I was taking Newt for her walk last week. She happened to spot something in the distance, about 100 feet away. Knowing she's on a leash, she doesn't bolt, so she simply started trotting a little faster. I start jogging to keep up, and Newt starts moving faster. I think to myself, I'll let her have some fun and I explode in a full sprint, wondering if Newt could keep up. Well it was the other way around - not even close, actually... Newt takes off like a rocket, and from about 5 feet behind me, blows past me and reaches the end the 15 ft leash length ahead of me in about two seconds. I doubt I could've kept up even if I were a trained athlete. So lesson learned: don't challenge a cat to a sprint (even a slightly overweight one). As fast as I thought they ran indoors from one random room to another, it's nowhere near as fast as they can run outdoors, in open space.

Another time, I was caught in a sudden cloudburst. Newt promptly hid under the closest parked car. I couldn't exactly crawl underneath alongside her. It wasn't easy to coax her out into the rain again, and I eventually half-dragged her back home. The end result was that I was much wetter than she was by the time we got back indoors.

Oh, and trying to have a conversation with other people who are walking their dogs, that's always an unpredictable experience.


----------



## DeafDogs&Cat (Mar 27, 2013)

I walk Munch. He loves it. I posted a thread with a video about it last weekend. And boy, do we ever get looks and questions about it! He only trots tho. I haven't seen him try to run yet.


----------



## BartBuzz (Aug 17, 2013)

I've never done it in the past, but I took my cat, Bart, to the beach on Lake Superior a couple of weeks ago. 

I never thought about bringing a camera, but he was laying in the sand, his head going back and forth watching the waves break. They were tiny 3-4" waves, but he was kind of scared of them and liking them all at the same time. He ate grass, and watched the seagulls. 

I'm going to get a couple of "cat-walking-jackets" instead of the harness, which I don't trust. If I lost my cat on a walk I would die.
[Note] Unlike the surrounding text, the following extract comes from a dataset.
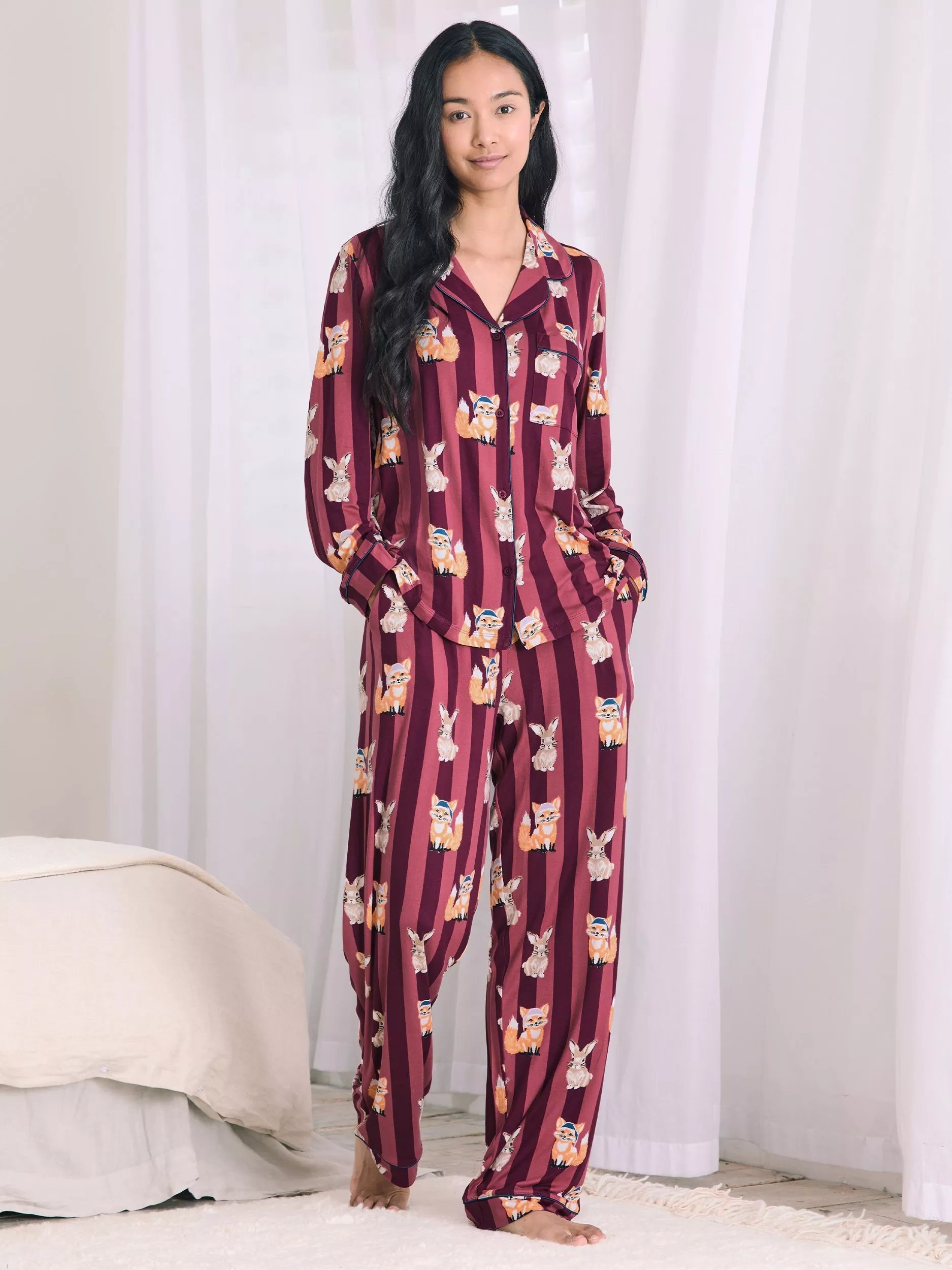 Bring a touch of woodland charm to your downtime with this playful pyjama set. Crafted from soft jersey, it's decorated with a hand-drawn print of a sweet fox cub ready for bed in a nightcap and a sleepy hare, set against bold stripes. The revere collar shirt features a button-up front, chest pocket and contrast piping for a polished edge, while the full-length bottoms are finished with an elasticated waistband and handy side pockets for everyday comfort. Cosy, characterful and endlessly fun, it's nightwear designed to keep you smiling from bedtime to lazy mornings.

I just watched "Harry & Tonto" this afternoon. I've never seen it before. That was one well-trained cat on a leash!


----------



## Lotu (Apr 26, 2013)

When our cat (now deceased) was getting older, she was rather lazy most of the time...stayed upstairs in the sleeping area most of the day and then down to the main part of the house later in the day. She was a big (@25 pounds) scaredy cat and didn't like men (except my husband) and didn't like more than 2 people in the room at a time. We had baby gates up for human baby reasons and the cat was carried inside the gated area. People could just step over the gate for convenience. My brother in law came to visit-so male and more than 2 people in the room and she totally freaked out and jumped over the gate and zipped out of the room and up the stairs so fast it was unbelievable. We really didn't even know that she could jump that high anymore.
Not an walking outside story, but I thought it kind of fit in with theme here.


----------